If the Trump administration’s proposal passes, the FDA’s budget will be more than $200 million bigger in 2027, with plans to launch new programs that expedite drug development, boost national security and promote “radical transparency.”
If President Donald Trump has his way, the FDA will have more money to work with next year, and the agency plans to use the funds for a series of regulatory reforms, including making a priority voucher program permanent and easing the burden of launching Phase 1 trials in the U.S.
The president has allotted $7.23 billion for the FDA in 2027, an increase of approximately $232 million (3.2%) from 2026, according to the agency’s proposal document published April 3. This budgetary bump is a distinct departure from the Department of Health and Human Services, which overall will see its funds slashed by 12% to $111.1 billion for fiscal year 2027. The HHS’ budget for 2026 totaled $126.9 billion.
The 2027 budget will facilitate the FDA’s transition “from a reactionary system to a proactive system,” Commissioner Marty Makary wrote in his opening letter for the proposal document. Part of this change, he noted, is creating new pathways to expedite the development of drugs, boost national security and promote “radical transparency.”
To meet these goals, the agency has proposed a slew of reforms that will be implemented with the help of the 2027 war chest. One such initiative is the permanent authorization of the rare pediatric disease priority review voucher program—a move that the agency says will not only create “more predictability for sponsors” but also ensure that patients will continue to “have access to safe and effective therapies.”
The FDA’s rare pediatric priority review voucher program was first enacted in 2012 and is meant to incentivize companies to develop therapies for rare diseases in children by offering a reward: a ticket that, when used, could expedite the review of their products. But the program has to be renewed by Congress every few years, and failure to do so can cause gaps in its implementation.
That’s what happened in September 2024, forcing the FDA to “sunset” the program at the end of that year.
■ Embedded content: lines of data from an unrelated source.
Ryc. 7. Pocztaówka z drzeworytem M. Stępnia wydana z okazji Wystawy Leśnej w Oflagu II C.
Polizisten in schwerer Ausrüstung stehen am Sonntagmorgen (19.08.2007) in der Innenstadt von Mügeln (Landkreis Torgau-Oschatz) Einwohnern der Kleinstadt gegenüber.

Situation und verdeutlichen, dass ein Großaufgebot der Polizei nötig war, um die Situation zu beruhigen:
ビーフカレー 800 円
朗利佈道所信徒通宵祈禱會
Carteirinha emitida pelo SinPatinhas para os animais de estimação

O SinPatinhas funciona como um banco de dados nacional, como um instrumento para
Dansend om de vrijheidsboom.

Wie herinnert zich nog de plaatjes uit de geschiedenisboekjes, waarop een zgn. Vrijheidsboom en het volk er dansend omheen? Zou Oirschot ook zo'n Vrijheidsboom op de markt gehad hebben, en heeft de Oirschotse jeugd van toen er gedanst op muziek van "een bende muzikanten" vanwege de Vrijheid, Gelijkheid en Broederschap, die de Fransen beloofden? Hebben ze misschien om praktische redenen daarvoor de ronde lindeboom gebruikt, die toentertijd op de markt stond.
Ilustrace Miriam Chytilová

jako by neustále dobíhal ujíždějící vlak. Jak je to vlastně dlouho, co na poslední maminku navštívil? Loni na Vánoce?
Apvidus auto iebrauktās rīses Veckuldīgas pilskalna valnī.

Lawmakers restarted the scheme in September 2025.
The FDA in its budget document last week also proposed a new “clinical trial notification pathway” to offer an alternative to the current Investigational New Drug application system—a “burdensome” process, the agency noted.
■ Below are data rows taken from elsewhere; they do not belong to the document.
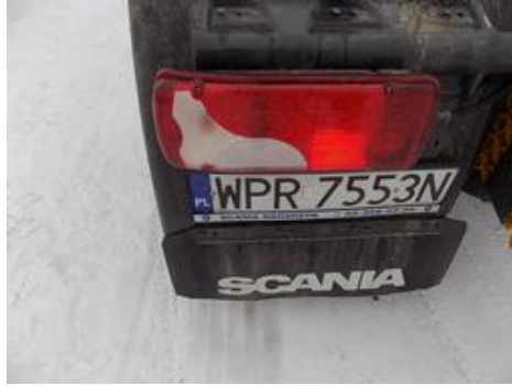
Fot. nr 47
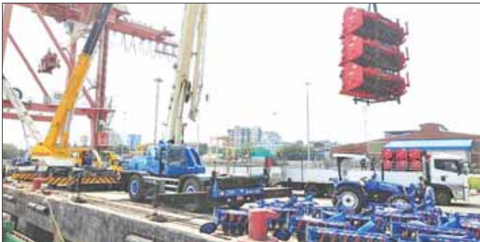
ထွန်စက်များနှင့် ထွန်ထယ်ကိရိယာများကို ရန်ကုန်မြို့၊ ဝိုင်အောင်ကျော်ဆိပ်ကမ်း၌ ရေယာဉ်ပေါ်တင်နေစဉ်။

နေပြည်တော် မေ ၂၇ အလွန်အလွန်အားကောင်းသော ဆိုင်ကလုန်း မုန်တိုင်း မိုခါကြောင့် ထိခိုက်ပျက်စီးခဲ့သည့် ရခိုင်ပြည်နယ်အတွင်းရှိ တောင်သူလယ်သမားများ၏ အသက်မွေးဝမ်းကျောင်းများ ပြန်လည်ထူထောင်ရေး လုပ်ငန်းဖြစ်သည့် မိုးစပါးများအချိန်မီစိုက်ပျိုးနိုင်ရေးအတွက် မြေပြုပြင်ခြင်းလုပ်ငန်းတွင် ပံ့ပိုးကူညီနိုင်ရန် စိုက်ပျိုးရေး၊ မွေးမြူရေးနှင့် ဆည်မြောင်းဝန်ကြီးဌာန စက်မှုလယ်ယာဦးစီးဌာနက မြင်းကောင်ရေးအား ၅၀ ရှိ နယူးဟော်လန်ထွန်စက် ၃၃ စီး၊ မြောက်သွားထယ် ၃၃ လက်၊ ဓားစက်ထွန် ၃၃ လက်တို့ကို ရေယာဉ်ဖြင့် ရခိုင်ပြည်နယ်သို့ ပေးပို့လျက်ရှိကြောင်း သိရသည်။
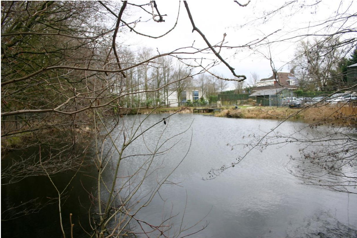
Figuur 4. De infiltratievijver met rechts het parkeerterrein en het tuinhuisje.
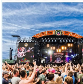
Bron: De Limburger, 4 juli 2018

04-07-2018 om 11:42 door AD/Sanne Scheffaut
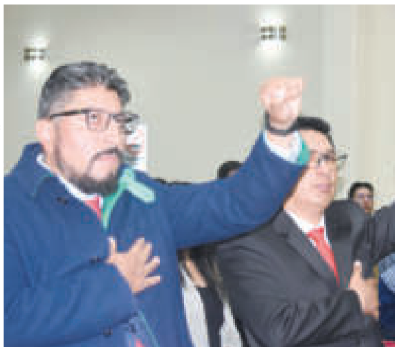
Dos de los tres nuevos subprocuradores durante su juramento.
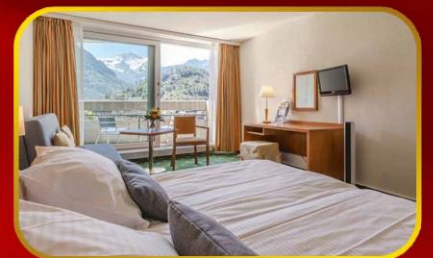
พี่เรียด 10-18 พ.ย. 67 พักโรงแรม Hotel Metropole Interlaken โรงแรมใจกลางเมืองแห่งขุนเขา 2 คืนติด

ไม่ต้องจ่ายเพิ่ม ไม่ต้องรอลุ้น การันตีชัวร์ๆ
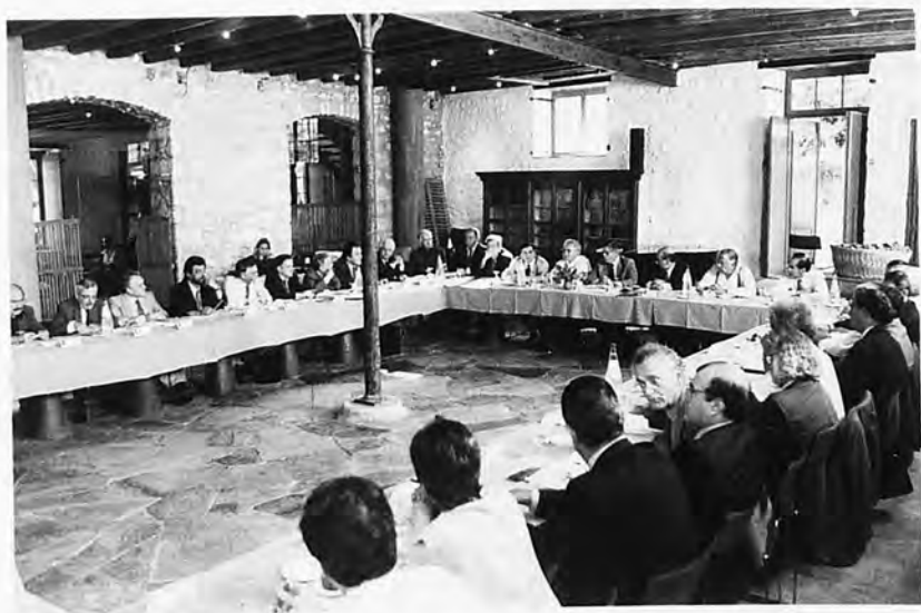
Από τη σύνοδο των Πρυτάνεων στην Ύδρα, που διοργανώθηκε από το Πανεπιστήμιο Πειραιώς (10-12/10/1997).

Details for how this new pathway would work remain sparse, but the FDA “aims to reduce duplicative and time-consuming requirements while maintaining safety and ethical standards.” This new framework will be particularly beneficial to smaller companies, which the regulator said “face greater barriers to entry under the current paradigm.”
Makary has previously raised concerns that the regulatory burden in the U.S. has been chasing companies away, which in turn have increasingly been conducting their early-stage studies abroad. Makary has been weighing ways to encourage these companies to come back, but mostly through adjustments in the user fee structure: lower fees for firms who conduct their Phase 1 studies in the U.S., and higher duties for those who hold them overseas.
The new pathway, the FDA said in its budget proposal, “would create an accelerated path to initiate U.S.-based Phase 1 clinical programs, drive market competition by reducing the regulatory burden for drugs with adequate preclinical data to support first-in-human studies, and lower drug development costs.”
Also on the FDA’s roadmap is to expand the scope of its rejection disclosures. The regulator plans to amend existing regulations to allow it to disclose “information on deficiencies in safety and efficacy data” for drugs or biologics that are rejected. It remains unclear what specific information the agency wants to make public, but the move “could help others prevent similar deficiencies in their own development programs and marketing applications.”
The FDA last year dumped a trove of more than 200 complete response letters (CRLs). These rejections remain publicly available and cover a wide variety of applications, including those that had been filed by some of the biggest players, including Eli Lilly and Gilead. Then in September, the FDA released another batch of CRLs and pledged to make the rejection letters available in real-time going forward.